__Exercise details__.
Find the line below with "Cozy Roots Cabin" and the line with "Kenmerk Omschrijving Merk". Output exactly those lines and everything between them, leaving out the pictures.

__Data__.
───

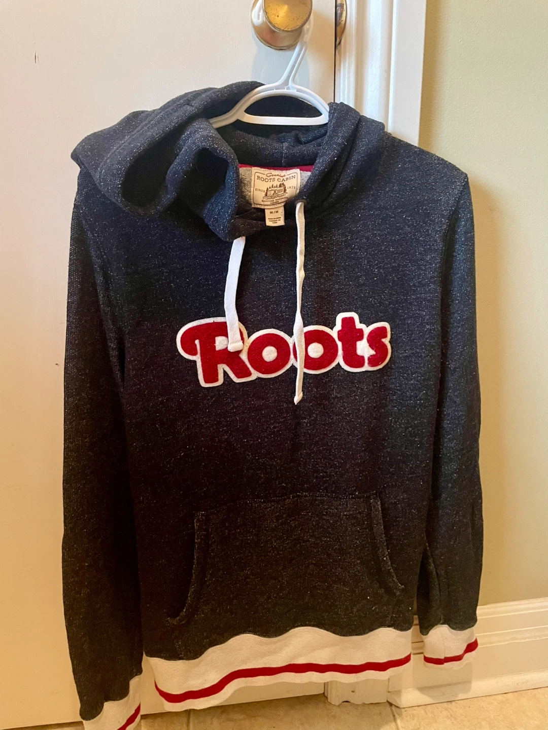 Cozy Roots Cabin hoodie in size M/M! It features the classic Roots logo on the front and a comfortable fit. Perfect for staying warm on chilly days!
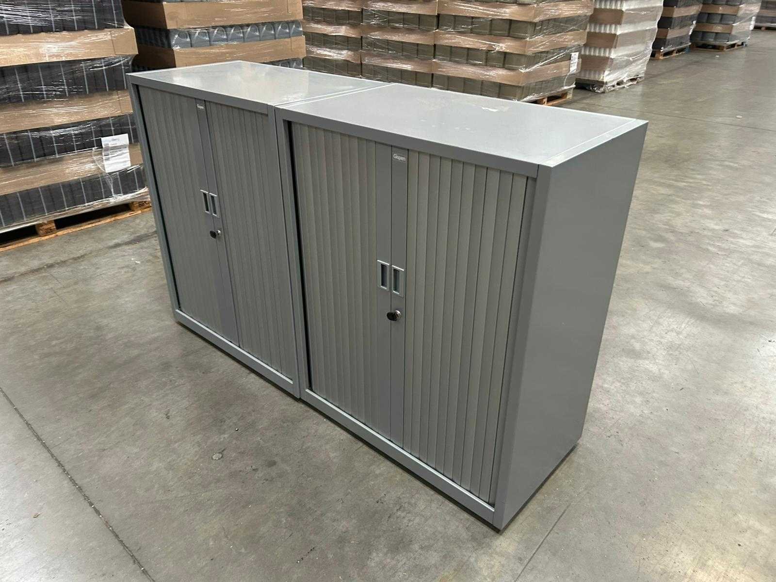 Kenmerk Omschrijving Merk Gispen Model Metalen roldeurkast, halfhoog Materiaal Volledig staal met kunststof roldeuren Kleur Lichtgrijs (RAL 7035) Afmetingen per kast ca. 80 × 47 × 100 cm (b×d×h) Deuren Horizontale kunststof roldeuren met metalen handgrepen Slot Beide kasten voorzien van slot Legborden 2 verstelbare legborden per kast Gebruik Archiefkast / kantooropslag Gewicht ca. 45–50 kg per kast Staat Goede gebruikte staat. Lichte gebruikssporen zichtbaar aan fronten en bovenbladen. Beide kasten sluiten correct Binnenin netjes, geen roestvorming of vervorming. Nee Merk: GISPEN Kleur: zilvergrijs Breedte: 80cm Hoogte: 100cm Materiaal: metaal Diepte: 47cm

───

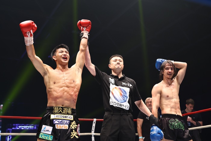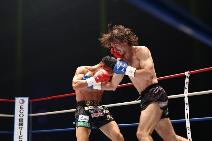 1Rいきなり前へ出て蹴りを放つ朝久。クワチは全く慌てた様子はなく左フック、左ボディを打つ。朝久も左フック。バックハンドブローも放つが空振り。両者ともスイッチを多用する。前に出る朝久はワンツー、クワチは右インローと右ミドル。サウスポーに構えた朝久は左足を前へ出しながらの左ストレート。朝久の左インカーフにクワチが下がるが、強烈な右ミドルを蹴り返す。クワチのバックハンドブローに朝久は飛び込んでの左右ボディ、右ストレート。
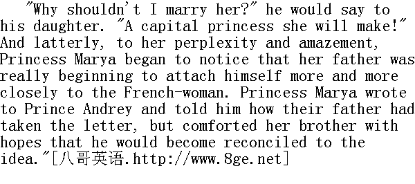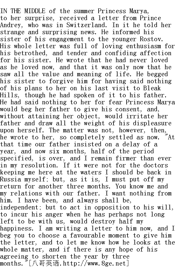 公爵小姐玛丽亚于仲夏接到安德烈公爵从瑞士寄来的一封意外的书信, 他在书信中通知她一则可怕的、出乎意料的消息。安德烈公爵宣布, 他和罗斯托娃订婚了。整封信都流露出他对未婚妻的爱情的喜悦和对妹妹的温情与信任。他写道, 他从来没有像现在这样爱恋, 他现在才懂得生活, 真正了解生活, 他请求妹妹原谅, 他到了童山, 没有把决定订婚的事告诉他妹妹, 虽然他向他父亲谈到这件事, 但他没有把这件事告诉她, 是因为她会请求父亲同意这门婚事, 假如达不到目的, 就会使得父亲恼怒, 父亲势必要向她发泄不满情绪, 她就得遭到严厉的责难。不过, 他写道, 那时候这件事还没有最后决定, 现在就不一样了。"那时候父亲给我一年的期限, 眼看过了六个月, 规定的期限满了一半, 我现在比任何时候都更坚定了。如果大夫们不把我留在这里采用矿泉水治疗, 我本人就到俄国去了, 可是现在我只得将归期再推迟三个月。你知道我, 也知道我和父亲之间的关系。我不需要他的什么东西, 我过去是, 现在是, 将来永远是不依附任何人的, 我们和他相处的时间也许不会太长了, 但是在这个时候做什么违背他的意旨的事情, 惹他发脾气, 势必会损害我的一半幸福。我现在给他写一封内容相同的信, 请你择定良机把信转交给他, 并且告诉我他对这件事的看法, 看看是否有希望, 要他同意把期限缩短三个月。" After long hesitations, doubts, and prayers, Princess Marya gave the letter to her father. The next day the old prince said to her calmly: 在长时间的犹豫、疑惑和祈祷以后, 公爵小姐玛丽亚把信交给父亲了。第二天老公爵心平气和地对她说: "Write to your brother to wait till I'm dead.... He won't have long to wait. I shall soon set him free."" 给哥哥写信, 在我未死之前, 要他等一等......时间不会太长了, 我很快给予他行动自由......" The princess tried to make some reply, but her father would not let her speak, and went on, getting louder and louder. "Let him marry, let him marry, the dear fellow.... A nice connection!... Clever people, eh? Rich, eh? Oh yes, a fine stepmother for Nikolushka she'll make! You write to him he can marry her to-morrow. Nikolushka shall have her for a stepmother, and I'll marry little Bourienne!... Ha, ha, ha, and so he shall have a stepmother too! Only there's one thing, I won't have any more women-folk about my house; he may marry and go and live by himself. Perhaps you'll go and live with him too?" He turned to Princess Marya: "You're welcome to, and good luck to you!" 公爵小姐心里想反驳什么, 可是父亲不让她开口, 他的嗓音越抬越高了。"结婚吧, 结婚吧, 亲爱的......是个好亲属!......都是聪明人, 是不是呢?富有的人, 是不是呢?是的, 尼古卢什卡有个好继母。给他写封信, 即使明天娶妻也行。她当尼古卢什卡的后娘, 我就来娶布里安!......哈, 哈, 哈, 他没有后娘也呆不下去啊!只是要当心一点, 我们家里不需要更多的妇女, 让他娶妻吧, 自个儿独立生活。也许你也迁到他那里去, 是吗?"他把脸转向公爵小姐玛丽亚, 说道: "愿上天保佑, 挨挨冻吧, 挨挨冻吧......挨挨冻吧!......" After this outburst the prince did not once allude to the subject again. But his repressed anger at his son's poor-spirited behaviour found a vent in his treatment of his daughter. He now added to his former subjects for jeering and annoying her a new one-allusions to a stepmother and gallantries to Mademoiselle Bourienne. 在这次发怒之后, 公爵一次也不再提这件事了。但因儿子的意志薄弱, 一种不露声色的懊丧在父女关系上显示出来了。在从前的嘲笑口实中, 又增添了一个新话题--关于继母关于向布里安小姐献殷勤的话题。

───

__Exercise result__.
 Cozy Roots Cabin hoodie in size M/M! It features the classic Roots logo on the front and a comfortable fit. Perfect for staying warm on chilly days!
 Kenmerk Omschrijving Merk Gispen Model Metalen roldeurkast, halfhoog Materiaal Volledig staal met kunststof roldeuren Kleur Lichtgrijs (RAL 7035) Afmetingen per kast ca. 80 × 47 × 100 cm (b×d×h) Deuren Horizontale kunststof roldeuren met metalen handgrepen Slot Beide kasten voorzien van slot Legborden 2 verstelbare legborden per kast Gebruik Archiefkast / kantooropslag Gewicht ca. 45–50 kg per kast Staat Goede gebruikte staat. Lichte gebruikssporen zichtbaar aan fronten en bovenbladen. Beide kasten sluiten correct Binnenin netjes, geen roestvorming of vervorming. Nee Merk: GISPEN Kleur: zilvergrijs Breedte: 80cm Hoogte: 100cm Materiaal: metaal Diepte: 47cm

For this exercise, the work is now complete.